Kavanaugh packed up his fight operation and his fighters and decamped to the Seminole Hard Rock Hotel & Casino, in Hollywood, Florida. State officials would sanction the fight. The show would go on.
"For the first time ever, we have an entire boxing event the same week," Ryan Kavanaugh reported via YouTube. "We moved from California to Florida. We changed our opponent from Oscar De La Hoya to Holyfield."
Ryan Kavanaugh Lands a President
Kavanaugh wasn't done yet.
"And, we brought in Donald Trump to commentate," Kavanaugh says in the video. "The first time ever there's been a President of the United States commentating on a flight live, no holds barred."
Of course, there was still another hurdle: The concern that Holyfield would be too much for Belfort.
"Holyfield's biggest concern was that he was going to harm Vitor, since he wasn't a boxer," Kavanaugh said. "Holyfield is known to be a great boxer and always in shape. I shared the concerns with Vitor, and assured me he was ready and in shape."
Still, because of the worries that Holyfield had an unfair advantage, Kavanaugh proposed to both fighters that the result of the fight would not go on their records.
To verify his concerns, Kavanaugh checked the odds the day before and the day of the fight, and, indeed, the betting houses showed that Holyfield was favored.
Tickets to the 7,000-person Hard Rock Live arena sold out hours before the first fight. When Trump was added to the broadcast, online pay-per-view orders jumped. The thing that seemed impossible only days earlier now looked like it was actually going to happen.
Bring on Jake Paul
On the night of the fight, Kavanaugh sped through Miami traffic in a black Chevrolet Suburban, trying to get to the Hard Rock at the time he'd been told by Trump's advance team, and still working the phone to make sure last-minute fires were being put out.

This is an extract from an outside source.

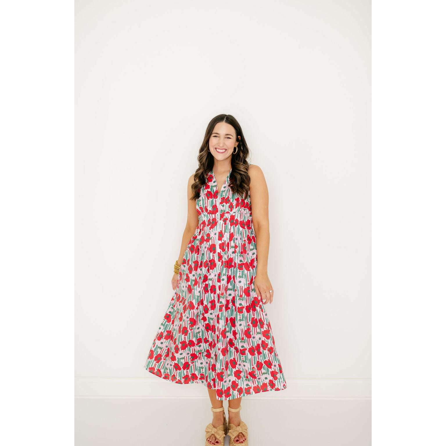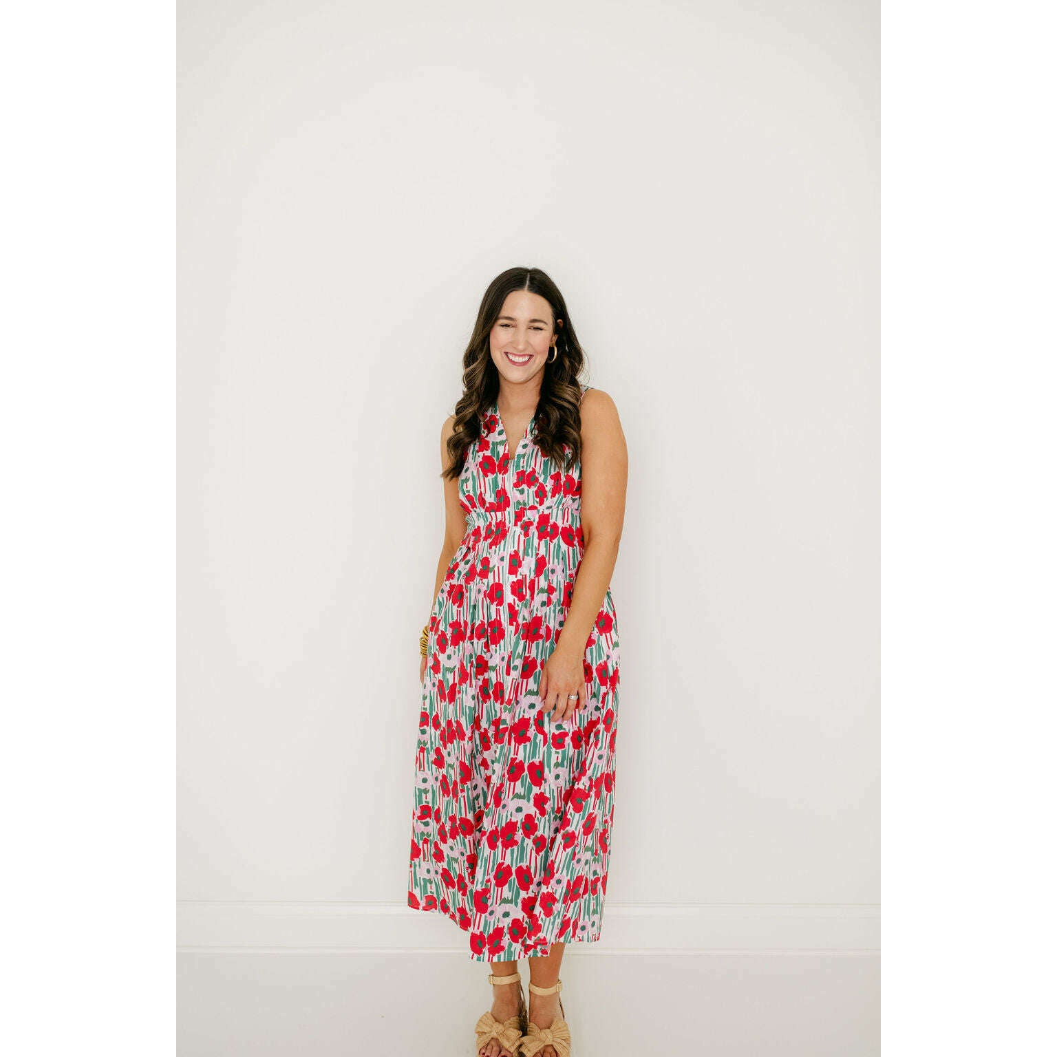 The Entro Red Floral Zip Up Midi Dress brings vibrant spring and summer style with its cheerful red floral print and convenient zip-up front. Perfect for casual outings or warm-weather adventures, this midi dress combines playful charm with easy, everyday wearability.

Arriving at the Hard Rock, Kavanaugh ran through a loading dock entrance and made his way to the broadcast suite, where Trump and Donald Trump Jr. awaited. Kavanaugh shook hands with the former president, told him about the event and took a video of Trump and Trump Jr. talking about the night's fights that was posted to social media to boost last-minute pay-per-view sales. The audience saw Trump in the broadcast suite and chanted his name. The atmosphere was electric. At last, the bell rang, and the first fight on the undercard started. The event was underway.
Three hours later, after Belfort was awarded a TKO over Holyfield, Kavanaugh climbed into the ring and grabbed a microphone. He was already moving onto the next thing: A $30 million, winner-take-all challenge to YouTuber-turned-boxer Jake Paul to fight Belfort. The crowd roared. Moments later, Belfort recorded a video calling Paul a "coward" if he wouldn't fight him.
Another Evander Holyfield Fight?
That still wasn't the end of the wild ride. Holyfield was visibly upset immediately after the fight was stopped, complaining it should not have been.
Indeed, the broadcast of the fight shows Holyfield effectively blocking Belfort's punches early on. When Holyfield slips and falls through the ropes, it's because he threw a roundhouse at Belfort and missed. When he fell backward, Holyfield said it wasn't Belfort's punch that put him on the mat, but the fact that Belfort stepped on his foot, preventing Holyfield from catching himself.
All of this, Kavanaugh said, is why he is now talking to Holyfield about another comeback.
For entrepreneur and boxing promoter Ryan Kavanaugh, the show goes on.